- Poster
- Directed by: M. A. Thirumugam
- Written by: R. K. Shanmugam (dialogues)
- Story by: Sandow M. M. A. Chinnappa Thevar
- Based on: Haathi Mere Saathi by Salim–Javed
- Produced by: Sandow M. M. A. Chinnappa Thevar
- Starring: M. G. Ramachandran K. R. Vijaya
- Cinematography: T. M. Sundar Babu V. Selvaraj
- Edited by: M. A. Thirumugam M. G. Balu Rao
- Music by: K. V. Mahadevan
- Production company: Devar Films
- Release date: 10 March 1972;
- Running time: 162 minutes
- Country: India
- Language: Tamil

= Nalla Neram =

1972 film by M. A. Thirumugam

Nalla Neram is a 1972 Indian Tamil-language film, directed by M. A. Thirumugam and produced by Sandow M. M. A. Chinnappa Thevar. The film stars M. G. Ramachandran and K. R. Vijaya. It is a remake of the 1967 Tamil film Deiva Cheyal. All three versions were produced by Thevar. The film was released on 10 March 1972. It emerged a major success, running for more than 100 days in theatres.

== Plot ==
Raja Kumar, affectionately known as Raju (played by M.G. Ramachandran), is a compassionate and courageous man who earns his living by training and performing with elephants. Raised among these majestic animals, Raju shares an unbreakable bond with them—especially with his lead elephant, who is more like a brother than a beast. His life is simple yet noble, rooted in loyalty, discipline, and a deep respect for nature.

Raju’s world changes when he meets Vijaya (played by K.R. Vijaya), a gentle and educated woman from a different social background. Their love blossoms quickly, and despite their contrasting lifestyles, they marry and begin a new life together. However, Vijaya harbors a traumatic past—she lost her younger brother in a tragic elephant-related accident during childhood. This unresolved fear turns into resentment, and she finds it difficult to accept Raju’s close relationship with the elephants.

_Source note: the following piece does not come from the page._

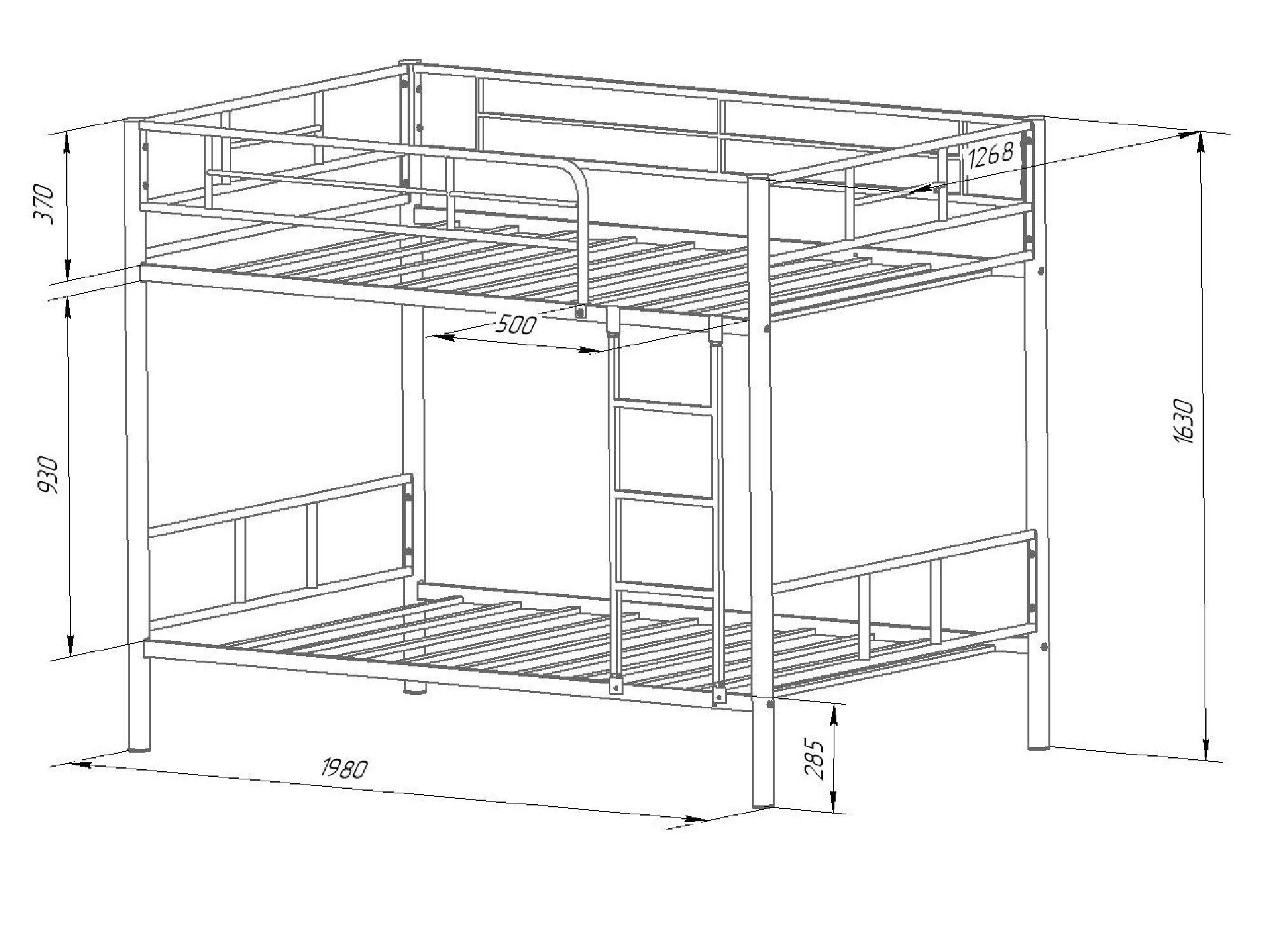 Ширина верхнего спального места: 1200х1900 мм

As Raju continues his work, Vijaya feels increasingly isolated and neglected. She believes Raju prioritizes his elephants over her emotional needs, leading to tension and heartbreak. The conflict escalates when Vijaya demands that Raju abandon his profession and sever ties with the elephants. Torn between his wife’s pain and his lifelong companions, Raju faces a moral and emotional dilemma.

The situation worsens when Raju is falsely accused of negligence during a public performance, resulting in a temporary ban from his profession. Vijaya sees this as a divine sign and urges him to start anew, away from the elephants. But Raju’s conscience and loyalty won’t allow him to betray the animals who stood by him through thick and thin.

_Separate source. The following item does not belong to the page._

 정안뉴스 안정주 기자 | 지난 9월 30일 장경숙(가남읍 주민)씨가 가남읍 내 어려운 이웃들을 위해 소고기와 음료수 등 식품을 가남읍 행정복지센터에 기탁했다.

In a dramatic turn, Vijaya’s life is endangered during a forest trip, and it is Raju’s elephant who saves her. This act of bravery forces Vijaya to confront her fears and recognize the purity and loyalty of the animals she once hated. She realizes that Raju’s love for the elephants is not a threat to their marriage but a reflection of his noble character.

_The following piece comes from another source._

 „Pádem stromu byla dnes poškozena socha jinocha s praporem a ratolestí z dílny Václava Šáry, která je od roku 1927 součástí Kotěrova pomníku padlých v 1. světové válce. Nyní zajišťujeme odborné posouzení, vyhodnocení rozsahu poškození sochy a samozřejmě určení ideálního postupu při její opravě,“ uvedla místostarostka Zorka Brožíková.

The film concludes with reconciliation and emotional healing. Vijaya embraces Raju’s world, and together they build a life that honors both human and animal bonds. Nalla Neram ends on a triumphant note, celebrating love, loyalty, and the timeless connection between man and nature.

== Cast ==

| Actor | Role |
|---|---|
| M. G. Ramachandran | Raja "Raju" Kumar, a businessman |
| S. A. Ashokan | Dharmalingham, Vijaya's father |
| Major Sundarrajan | Velu, the trainer of animals |
| Thengai Srinivasan | Raju's accountant |
| S.V.Ramadass | Raju's father |
| V. Gopalakrishnan | Paramasivan, the ex-famous acrobat-The human torch |
| Justin | Hired man of Velu |
| "Sandow" M.M.A.Chinnappa Devar | Ranga, a fairground entertainer and Velu's henchman |
| Nagesh | Murugan, a fairground entertainer and Raju's friend |
| K. R. Vijaya | Viji alias Vijaya, Raju's wife |
| Sachu | Valli, Murugan's lover |
| Radhiga ("Magic" Radhika) | Velu's cabaret female dancer |
| "Kovalai" Kamatchi |  |
| Master Raju Kumar | Raju, child |

== Production ==
Nalla Neram is a remake of the 1971 Hindi film Haathi Mera Saathi, which in turn was adapted from Chinnappa Thevar's own Tamil film Deiva Cheyal (1967) which flopped. This film was the sixteenth and final collaboration between Ramachandran and Thevar. For the song "Aagattumda Thambi", Ramachandran drove a '58 Chevrolet Impala.

== Soundtrack ==
The music was composed by K. V. Mahadevan.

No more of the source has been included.